Перед ним стояла чернильница, лежало перо и раскрытый свиток.
— Ну? — спросил он, не поднимая головы от бумаги. — Кто таковы будете?
Я сделал шаг вперед. Бугай остался у двери, изображая статую командора. Я чувствовал, как вспотели ладони. Сейчас. Главное — не сбиться. Не перепутать слова.
Я набрал в грудь затхлый воздух приказа.
— Государев холоп, донской казак, есаул Тихоновского острога Семён, бьёт челом великому государю, царю и великому князю Михаилу Федоровичу всея Руси…

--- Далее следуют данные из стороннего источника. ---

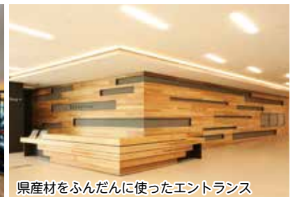
県産材をふんだんに使ったエントランス

県下最大級の体育館内にはアリーナのほか、260メートルのランニングコース、軽食ラウンジ、授乳室やキッズルーム、盲導犬のトイレを完備。トレーニングルームとスポーツ・体力測定室には最新のマシンを設置し、皆さんの健康づくりをサポートします。 体育館の利用者でなくとも利用いただける「森のテラス」は芝生で憩えるスペースがあり、ここで青空ヨガや星空観覧会など開催予定です。地域の方が集う場として、運動しない方もぜひ気軽に利用していただきたいです。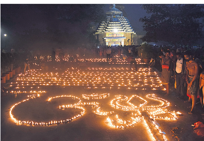
ଲିଙ୍ଗରାଜ ମନ୍ଦିର ପାଇଁ କ୍ୟାବିନେଟ୍ରେ ଅଧ୍ୟାୟେକ୍ସ ମଞ୍ଜୁର ପରେ ମନ୍ଦିର ସମ୍ମୁଖରେ ୧୦ ହଜାର ଦୀପଦାନ କରାଯାଇଛି।

ଭୁବନେଶ୍ଵର, ୧୪।୧୨ (ବୁଧବେ) ପୁରୀ ଶ୍ରୀମନ୍ଦିର ଭଳି ଭୁବନେଶ୍ଵରରେ ଥିବା ମହାପ୍ରଭୁ ଶ୍ରୀ ଲିଙ୍ଗରାଜ ମନ୍ଦିର ପରିଚାଳନା ପାଇଁ ରାଜ୍ୟ ସରକାର ଏକ ସ୍ଵତନ୍ତ୍ର ଆଇନ ଆଣିଛନ୍ତି। ଏହାଦ୍ଵାରା ମନ୍ଦିର, ଏହାର ସମ୍ପତ୍ତି, ପରିସର ମଧ୍ୟରେ ଓ ବାହାରେ ଥିବା ଅନ୍ୟ ମନ୍ଦିର, ପବିତ୍ର ସ୍ଥାନ ଓ ମଠ ସମ୍ପର୍କିତ ବିଷୟଗୁଡ଼ିକର ସୁପରିଚାଳନା ଓ ସୁଶାସନକୁ ଦୃଷ୍ଟିରେ ରଖି ଏହାର ପରିଚାଳନା ଦାୟିତ୍ଵ ଏକ କର୍ମଚିକୁ ନ୍ୟସ୍ତ କରାଯିବ। ରାଜ୍ୟ ସରକାର ସ୍ଵତନ୍ତ୍ର ଆଇନକୁ କାର୍ଯ୍ୟକାରୀ କରିବା ପାଇଁ ଅଧ୍ୟାୟେକ୍ସ ଆଣିଛନ୍ତି। ଏହାଦ୍ଵାରା ମନ୍ଦିର କାର୍ଯ୍ୟଗୁଡ଼ିକର ଉତ୍ତମ ଏବଂ ସୁ ପରିଚାଳନା ହେବା ସହିତ ତାହାପ୍ରା, ଭକ୍ତ ଓ ଉପାସକମାନଙ୍କୁ ଉନ୍ନତ ମାନର ସୁବିଧା ସୁଯୋଗ ଯୋଗାଇ ଦିଆଯାଇପାରିବ। ଏହି ଆଇନ ମନ୍ଦିର ସମ୍ପତ୍ତି ସୁରକ୍ଷିତ ରଖିବା ପାଇଁ କର୍ମଚିକୁ ସମ୍ବଳ କରିବ। ଭକ୍ତ ଅଧ୍ୟାୟେକ୍ସ ଅଣାଯିବା ପରେ ଶ୍ରୀଲିଙ୍ଗରାଜ ମନ୍ଦିର ରାଜ୍ୟ ସରକାର ରାଜ୍ୟରେ ତାହାର ଅଭାବ ପୂରଣ କରିବା, ମେଡିକାଲ ଶିକ୍ଷାର ପ୍ରସାର ଏବଂ ଉନ୍ନତ ମାନର ସ୍ଵାସ୍ଥ୍ୟସେବା ଯୋଗାଇ ଦେବା ନିମନ୍ତେ ଚର୍ଚ୍ଚା କି ମାଧ୍ୟମରେ ଯାଜପୁର ଓ ପୁରୀଠାରେ ଦୁଇଟି ମେଡିକାଲ କଲେଜ ଓ ହସ୍ପିଟାଲ ନିର୍ମାଣ କରିବାକୁ ନିଷ୍ପତ୍ତି ନେଇଛନ୍ତି। ଏଥିପାଇଁ ୬୫୧.୦୭ କୋଟି ଟଙ୍କା ଫ୍ଲୁସ୍ଟା-୪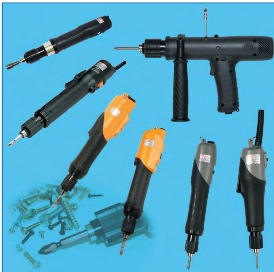
Рис. 1. Электрические винтоверты Kilews

В совокупности выпускаемые электрические винтоверты перекрывают широкий диапазон установки предельного крутящего момента от 0,02 до 15 Н/м, что обеспечит затяжку соединений с диаметром метрической резьбы от 1 до 10 мм. Все винтоверты оборудованы переключателем, обеспечивающим реверс вращения.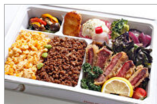
岡山和牛の牛カツと2色そぼろご飯弁当 2,000円(税込2,160円) / 品番:KKDB018 お茶付き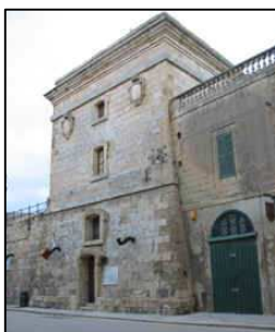
It-Torri ta' l-Istandard

Ċ (iii) Aghżel il-belt il-qadima li fiha jinsab dan il-bini. Immarka (✓) l-kolonna t-tajba. Ara l-eżempju.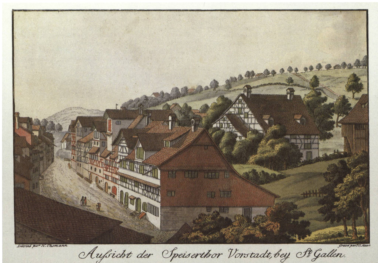
Blick in die Spiser-Vorstadt. Kolorierte Radierung von Heinrich Thomann (1748–1794), graviert von Johann Conrad Mayr (1750–1839), um 1790 (Historisches und Völkerkundemuseum St. Gallen).

im Seelhaus untergebracht und mit den nötigen Medikamenten und der erforderlichen Pflege versorgt wurde. Da diese Behandlungen für die Kranken unentgeltlich waren, trug die öffentliche Hand die Kosten; dies war auch der Grund, weshalb der Rat die Entscheidung fällte. 23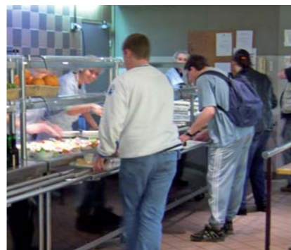
Restauration sur place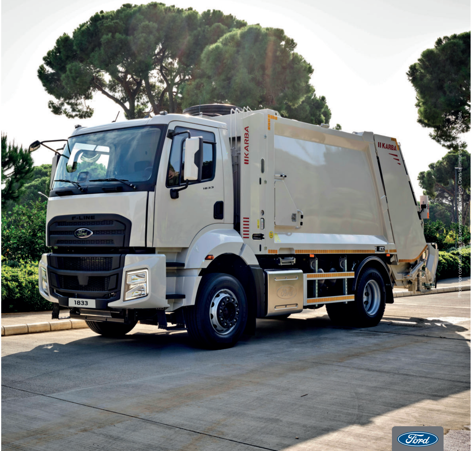
Photo non contractuelle. Equipements selon version. Dans la limite du stock disponible.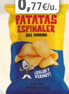
Ref.: 1100000443 Patates fregides amb sal marina 50 g 25 u.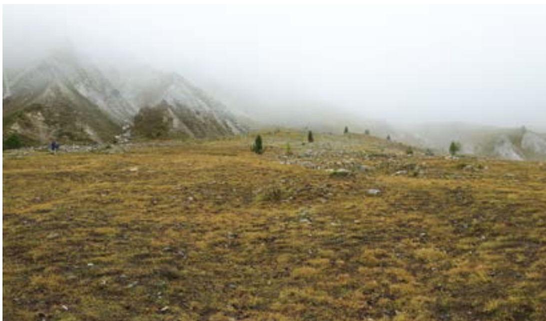
Ofan skógarmarka eru einstaka lerki og sembrafurur á stangli.

öld. Á þeim tíma er kastalinn var byggður vörðust menn Austurríkismönnum, sem á þeim tíma réðu m.a. yfir allri norður Ítalíu. Innan veggja kastalans var svo bær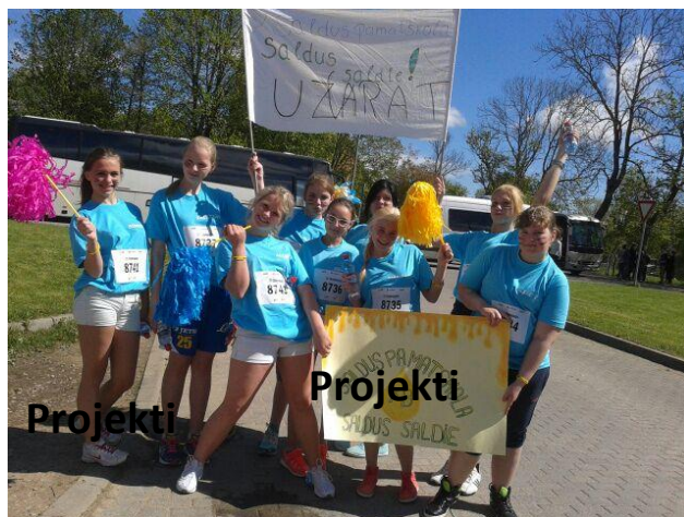
7.b klases priecīgās meitenes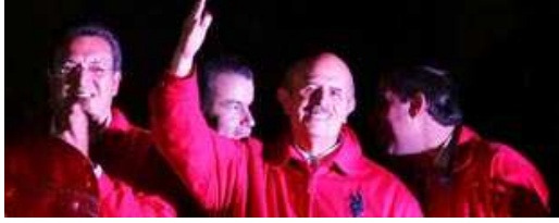
• Fausto Vallejo recibe constancia como gobernador electo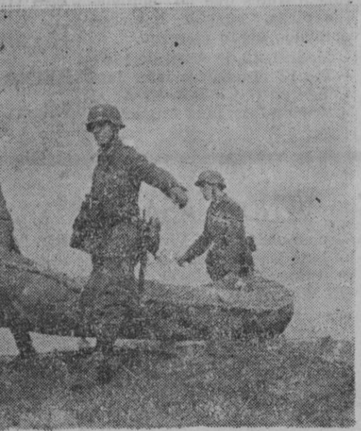
LOS EJERCITOS MODERNOS.—Una patrulla de tres zapadores alemanes se dispone a cruzar el río para proseguir la misión encomendada. Es curiosa la perfecta instrucción y equipo de estas secciones alemanas.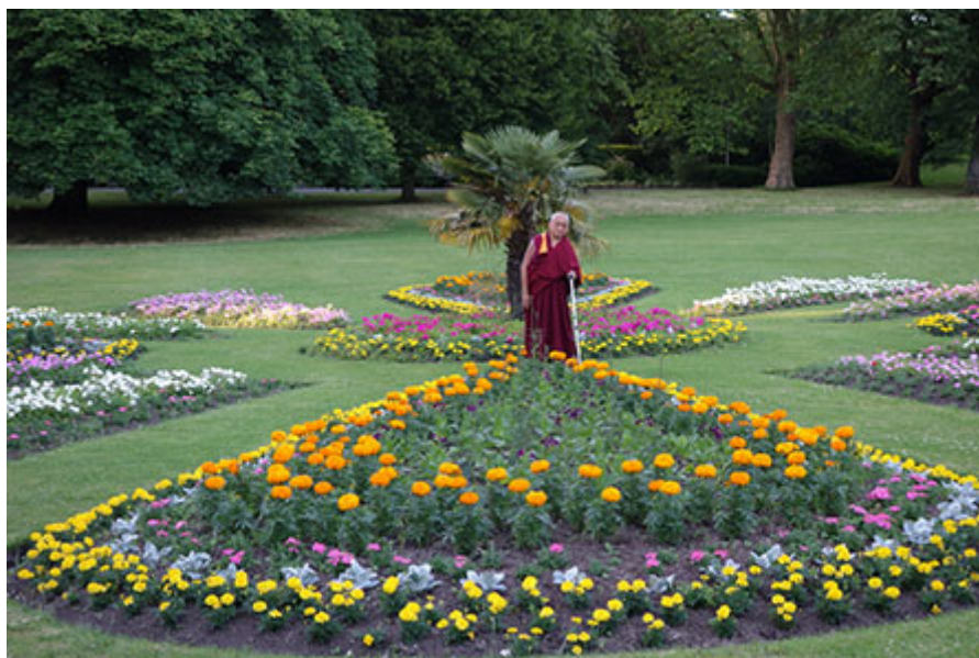
Lama Zopa Rimpoché ofreciendo las flores en el parque dedicado al maestro. Leeds, Reino Unido, Julio 2014.

Gracias en especial a todos los practicantes que han hecho ofrecimientos a la Caja de méritos. Su generosidad ha hecho posible estas ayudas y que el Proyecto Internacional de la Caja de Méritos haya estado apoyando la misión de la FPMT durante ya 13 años. Si quieres saber cómo unirte a este proyecto y formar parte de las ayudas entra en: Learn how to become a Merit Box practitioner and help be a part of the 2015 grants!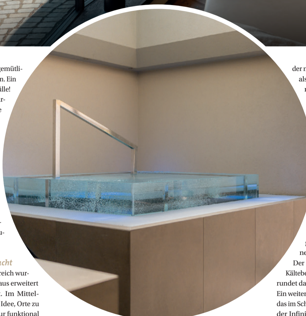
Perfektion wird erkennbar, wenn auch die kleinen Details stimmig sind.

FERTIGUNG & MONTAGE WHIRLPOOL AUS EDELSTAHL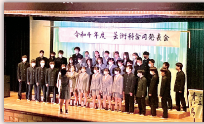
美術・書道は作品展、音楽は合唱コンクール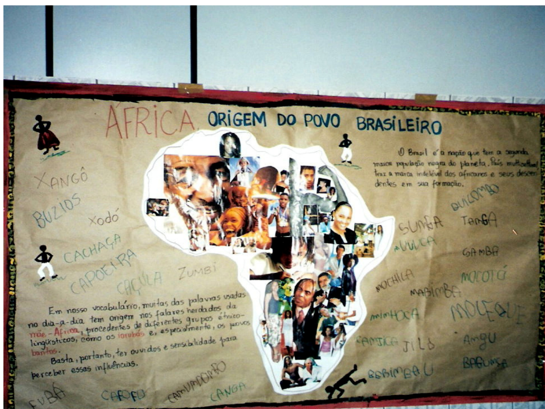
Fig. 3. Cartaz afixado em corredor que dá acesso às salas de aula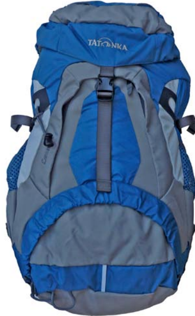
Tatonka Leon 38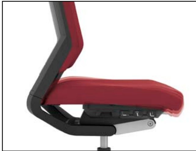
Sitzneigung / Seat tilt / Inclinaison d'assise / Zit-neigverstelling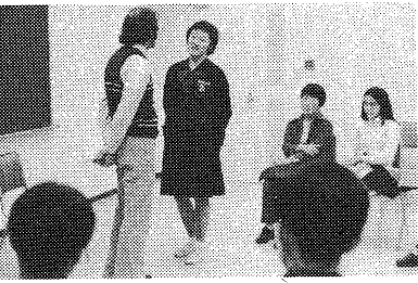
英会話クラブのひとコマ

現代の子どもは、おとなの常識の社会で生活させられています。それは、子どもがやんちゃを發揮できる社会とはいえません。そこでセンター内に一つのコーナーを設けました。昔見られていた、ふすまや壁やへいらくがきをしている子どもの風景をセンターに再現し、子どものかすかな欲求を發散できるように、らくがきコーナーを發揮させてあげてください。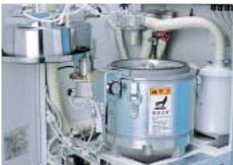
昇降リフト Hoisting lift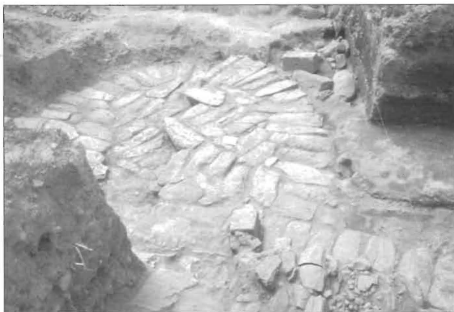
Fig. 8 – Alicerce do torreão da Rodovia (Av. Imaculada Conceição).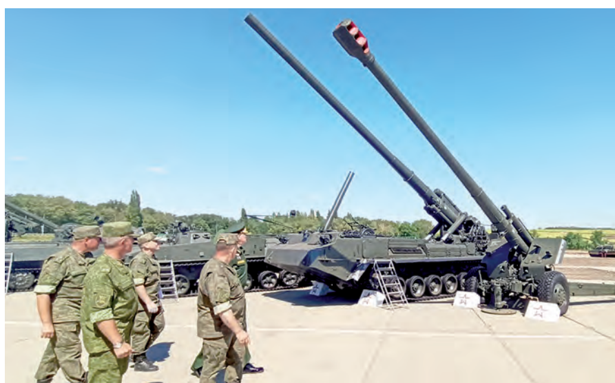
«Боги войны» - современная артиллерия.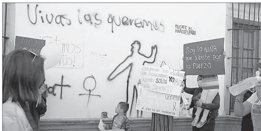
Las demandas sociales, las denuncias formales, la protesta en aire y tierra, pareciera ser evidente para todos los que pisen el suelo zacatecano, excepto para quienes despachan desde las oficinas localizadas en Plaza de Armas

del aparato gubernamental que le permite estar firme para que los relojes checadores no se queden sin entrada alguna.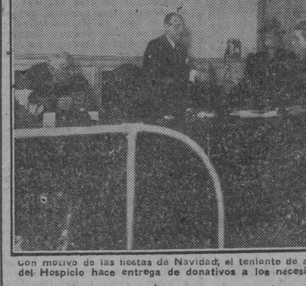
Con motivo de las fiestas de Navidad, el teniente de alcalde del distrito del Hospicio hace entrega de donativos a los necesitados del distrito.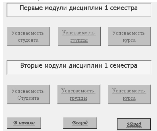
Рис. 2. Пример оформления формы навигации

Подсистема учета успеваемости студентов состоит из форм навигации (рис. 2) и блоков баз данных по отдельным годам набора студентов, число которых соответствует числу лет обучения в данном учебном заведении.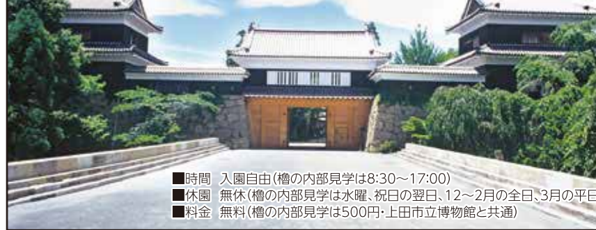
上田城跡公園 上田市 上田城跡公園は、上田藩の中心地であった上田城跡に、上田城跡公園として整備されています。現在は公園として整備されており、桜や紅葉などの名所として有名です。上田駅から徒歩12分。【上田市】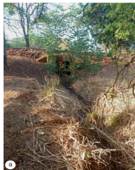
Figura 03: Presença de vegetação, detritos e resíduos no canal de entrada no lago 2 (a)

Foi detectado um problema de erosão costeira nas barragens 01 e 02. Esse fenômeno pode ser causado por diversos fatores, como a ação das ondas, a correnteza, as flutuações no nível da água e a exposição a condições climáticas adversas. A erosão costeira pode ter consequências sérias para a estabilidade das margens do lago, incluindo deslizamentos de terra, perda de solo e, em situações mais graves, a criação de novas crateras ou cavidades nas margens.

Слова вылетали из меня чеканно, как пули из ствола. Я не глотал окончания, не торопился, держал ритм. Я смотрел ему ровно в переносицу, как учил Карл Иванович.
Дьяк перестал писать. Перо в его руке замерло. Он чуть наклонил голову вниз и поверх очков на кончике носа уставился на меня. Взгляд его колючих глаз словно сверлил дыру во мне. Он молчал секунду, вторую. Перо в его длинных, узловатых пальцах медленно провернулось вокруг своей оси.
— Ладно, — сказал он наконец. Голос был скрипучий, как несмазанная петля. — Складно говоришь. Не мычишь, как иные. Изволь к делу.
Я подошел к столу и положил перед ним челобитную.
— Острог Тихоновский, бывший безымянный, на южном рубеже, — начал я, переходя на язык цифр. — Гарнизон — двести двадцать пять сабель и пищалей по списку. Из них в строю — сто двадцать, в том числе три десятка новиков. Потери за нынешний год — сто четыре души убитыми и увечными, кои к службе более не способны. Ещё один переведён в иной гарнизон. Пополнение набираем беспрестанно.
Дьяк взял мою челобитную, быстро пробежал глазами. Хмыкнул.
— Порох, — продолжал я, пока он читал. — В пороховницах ныне восемнадцать пудов. Свинца — шесть пудов. Ядер нет, пушек исправных нет. После недавней осады турецкой запасы сильно поубавились, острог отстроили своими силами — и сразу челом к вам, Ларион Афанасьевич, дабы государев рубеж в надлежащем порядке содержать.
Я говорил сухо. Никаких «спасите-помогите». Про калым наш в виде торжища не стал говорить, дабы не наводить смуту в его голове — это наши внутренние дела по выживанию. Только факты. Факты — это кирпичи. Из них можно построить стену. А эмоции — это вода.
Ларион Афанасьевич дочитал. Отложил бумагу. Сдвинул брови, превратив их в одну сплошную линию обороны.
— Сто двадцать в строю, говоришь? — спросил он.
— Верно. В том числе три десятка новиков, ратного дела не знавших, но с воинственной жилкой.
— Пищалей исправных сколько?
— Семьдесят. Остальные — хлам, замки битые, стволы дутые.
— И пушек исправных, говоришь, нет?
— Нет, Ларион Афанасьевич.
— Кто старший?
— Был наказной атаман Орловский-Блюминг. Бежал бесчестно. Ныне атаман выборный — Максим Трофимович.
При упоминании Орловского дьяк едва заметно поморщился, будто раскусил кислую клюкву, а потом заел её долькой лимона.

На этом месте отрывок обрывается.